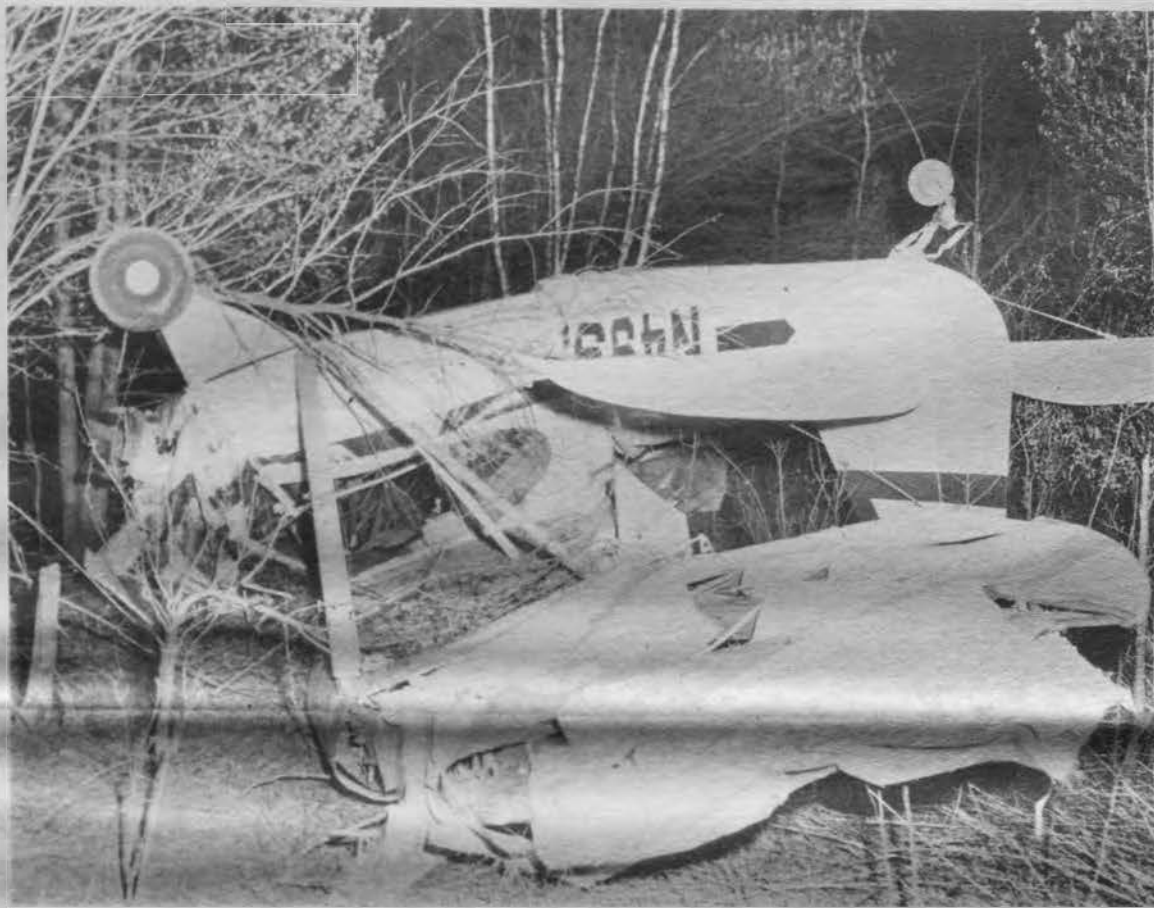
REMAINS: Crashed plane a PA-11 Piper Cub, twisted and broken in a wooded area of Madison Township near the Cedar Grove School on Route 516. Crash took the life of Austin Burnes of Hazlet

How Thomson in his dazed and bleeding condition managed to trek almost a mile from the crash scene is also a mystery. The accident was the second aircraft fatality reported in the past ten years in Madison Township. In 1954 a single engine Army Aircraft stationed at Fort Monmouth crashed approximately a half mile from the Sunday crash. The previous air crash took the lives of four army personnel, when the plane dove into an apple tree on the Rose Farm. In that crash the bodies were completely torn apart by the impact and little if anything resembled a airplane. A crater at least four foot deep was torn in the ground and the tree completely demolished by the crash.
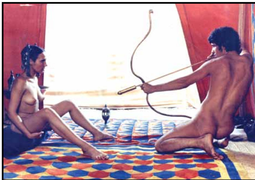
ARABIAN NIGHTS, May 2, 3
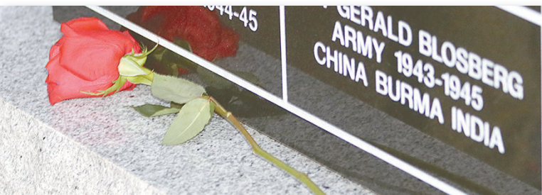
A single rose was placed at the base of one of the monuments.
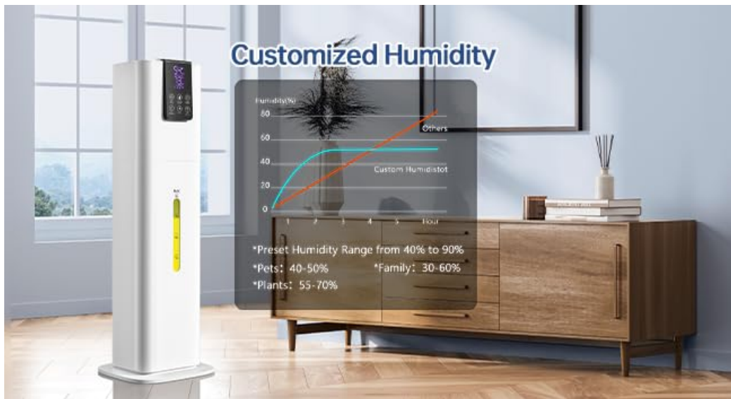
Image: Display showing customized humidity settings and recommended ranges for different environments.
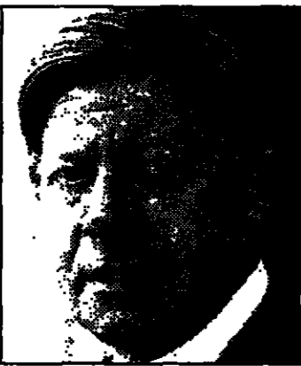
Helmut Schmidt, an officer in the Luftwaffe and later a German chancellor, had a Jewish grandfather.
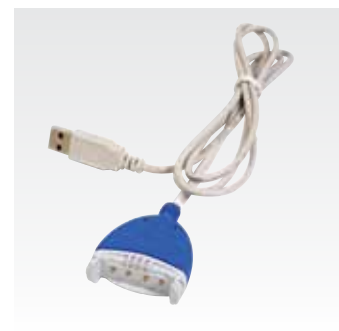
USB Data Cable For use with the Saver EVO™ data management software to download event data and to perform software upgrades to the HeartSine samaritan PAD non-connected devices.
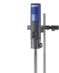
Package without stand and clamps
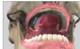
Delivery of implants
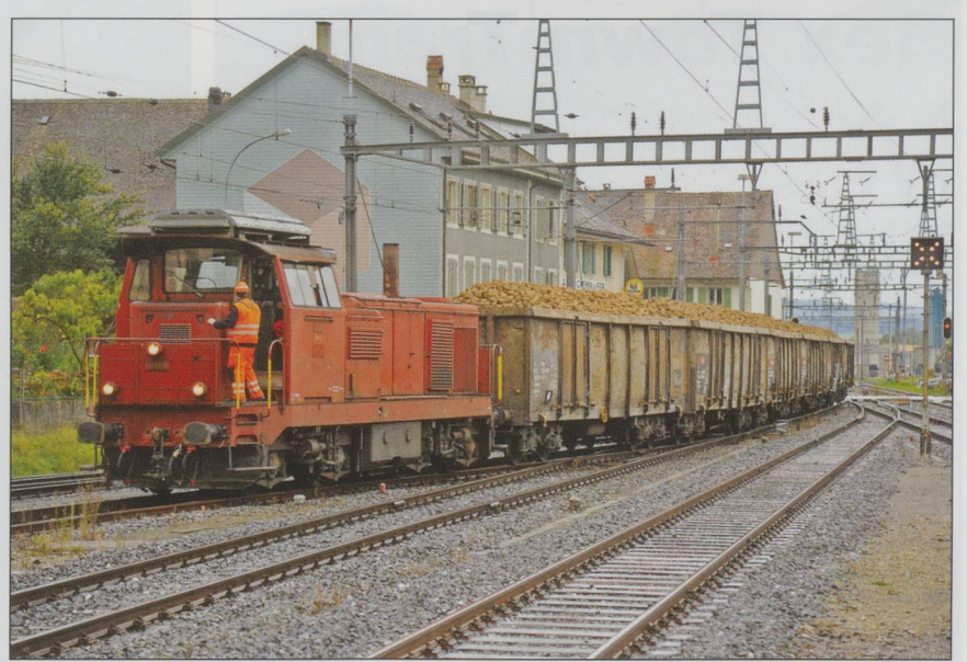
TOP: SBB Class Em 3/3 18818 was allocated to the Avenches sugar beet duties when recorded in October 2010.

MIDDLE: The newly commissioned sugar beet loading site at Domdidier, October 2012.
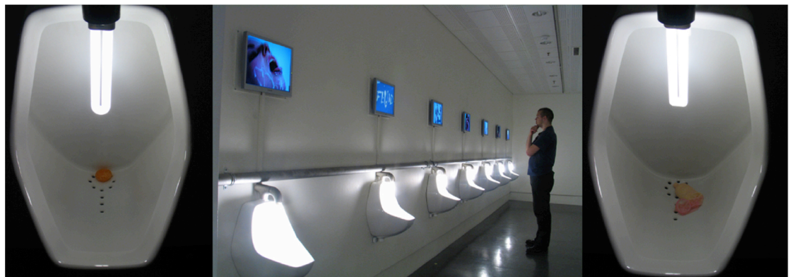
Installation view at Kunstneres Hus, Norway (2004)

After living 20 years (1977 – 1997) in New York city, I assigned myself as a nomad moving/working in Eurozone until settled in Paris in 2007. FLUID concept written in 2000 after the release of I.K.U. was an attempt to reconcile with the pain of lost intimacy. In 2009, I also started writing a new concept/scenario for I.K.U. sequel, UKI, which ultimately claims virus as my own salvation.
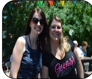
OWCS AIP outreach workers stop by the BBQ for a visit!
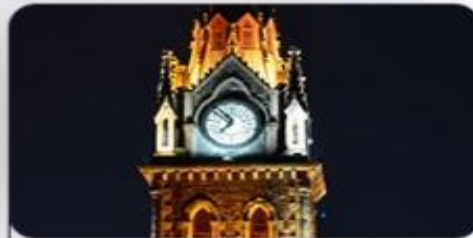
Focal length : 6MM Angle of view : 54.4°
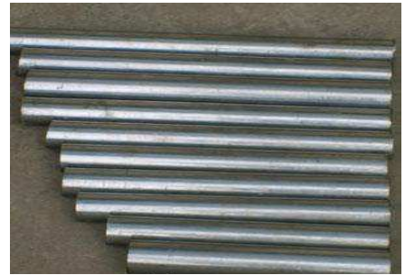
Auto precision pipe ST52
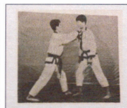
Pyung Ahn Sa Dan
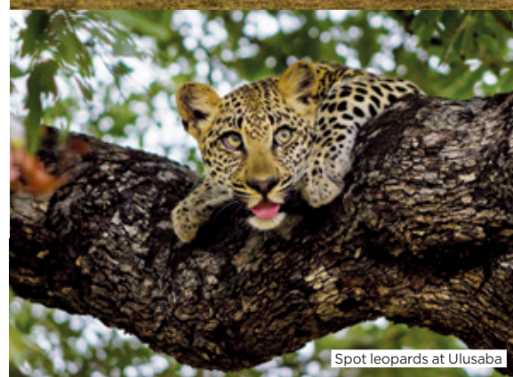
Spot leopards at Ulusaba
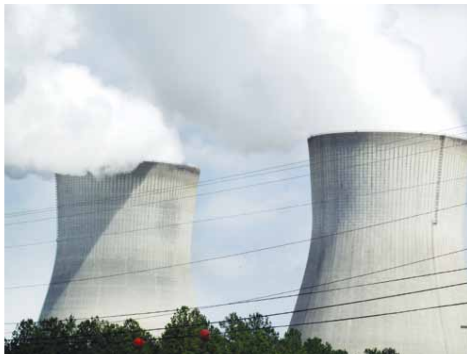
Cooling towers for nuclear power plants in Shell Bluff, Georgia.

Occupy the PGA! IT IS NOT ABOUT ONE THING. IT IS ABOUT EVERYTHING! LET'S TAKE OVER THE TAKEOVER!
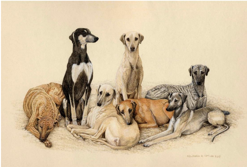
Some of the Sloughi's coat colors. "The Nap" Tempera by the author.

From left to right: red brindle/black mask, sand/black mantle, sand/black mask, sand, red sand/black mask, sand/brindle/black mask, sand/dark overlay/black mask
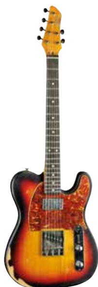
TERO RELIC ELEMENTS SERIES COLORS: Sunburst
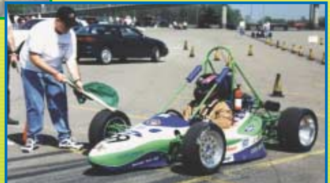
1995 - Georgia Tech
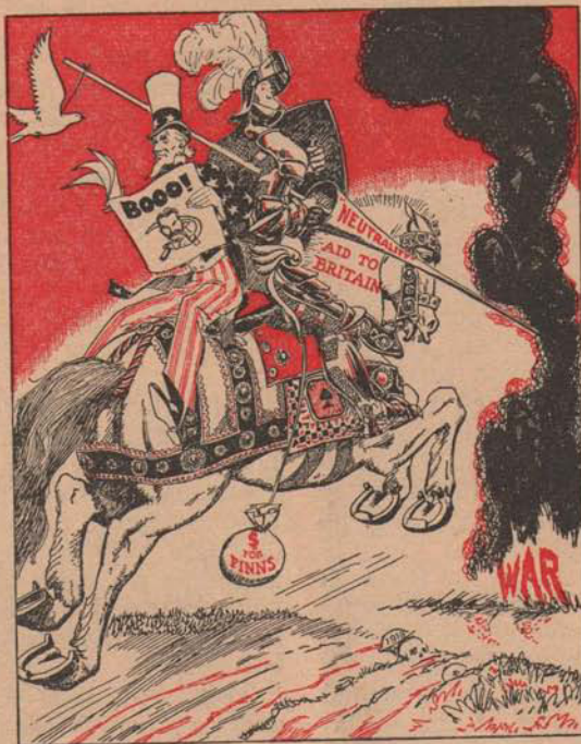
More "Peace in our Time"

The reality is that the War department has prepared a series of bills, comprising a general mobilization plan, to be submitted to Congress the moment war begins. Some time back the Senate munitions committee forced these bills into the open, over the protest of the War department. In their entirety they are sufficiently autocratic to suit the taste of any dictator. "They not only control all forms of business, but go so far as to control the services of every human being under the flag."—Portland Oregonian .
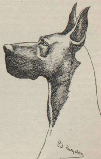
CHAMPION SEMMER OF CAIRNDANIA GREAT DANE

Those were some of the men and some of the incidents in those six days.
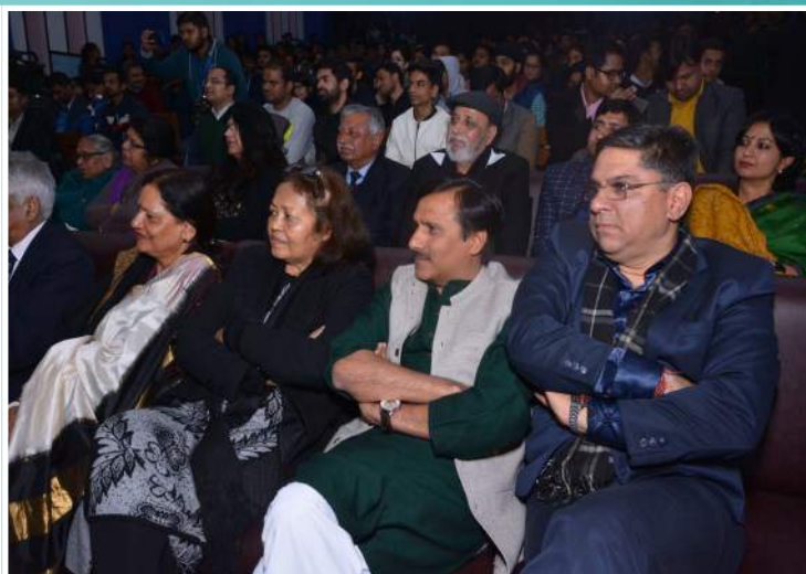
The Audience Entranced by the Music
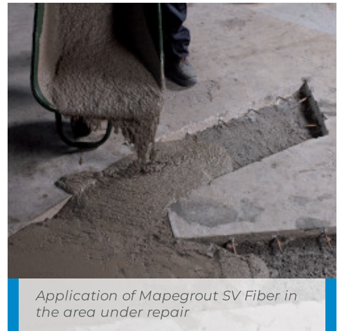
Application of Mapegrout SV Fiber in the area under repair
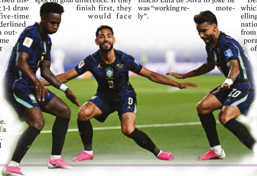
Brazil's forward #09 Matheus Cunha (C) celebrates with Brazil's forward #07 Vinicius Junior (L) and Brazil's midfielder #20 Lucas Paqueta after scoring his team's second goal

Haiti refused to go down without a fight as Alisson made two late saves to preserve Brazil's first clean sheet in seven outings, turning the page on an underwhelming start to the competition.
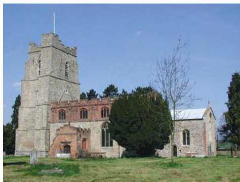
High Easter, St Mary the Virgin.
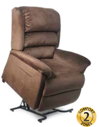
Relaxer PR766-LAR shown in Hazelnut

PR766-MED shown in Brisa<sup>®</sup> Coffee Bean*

* _What the task asks_
Begin at the line that contains "The reality is" and transcribe every line through the end of the listing, exactly as written. Omit the pictures.

* _Answer to the problem_
The reality is that the War department has prepared a series of bills, comprising a general mobilization plan, to be submitted to Congress the moment war begins. Some time back the Senate munitions committee forced these bills into the open, over the protest of the War department. In their entirety they are sufficiently autocratic to suit the taste of any dictator. "They not only control all forms of business, but go so far as to control the services of every human being under the flag."—Portland Oregonian .
CHAMPION SEMMER OF CAIRNDANIA GREAT DANE

Those were some of the men and some of the incidents in those six days.
The Audience Entranced by the Music
Application of Mapegrout SV Fiber in the area under repair
Brazil's forward #09 Matheus Cunha (C) celebrates with Brazil's forward #07 Vinicius Junior (L) and Brazil's midfielder #20 Lucas Paqueta after scoring his team's second goal

Haiti refused to go down without a fight as Alisson made two late saves to preserve Brazil's first clean sheet in seven outings, turning the page on an underwhelming start to the competition.
High Easter, St Mary the Virgin.
Relaxer PR766-LAR shown in Hazelnut

PR766-MED shown in Brisa<sup>®</sup> Coffee Bean*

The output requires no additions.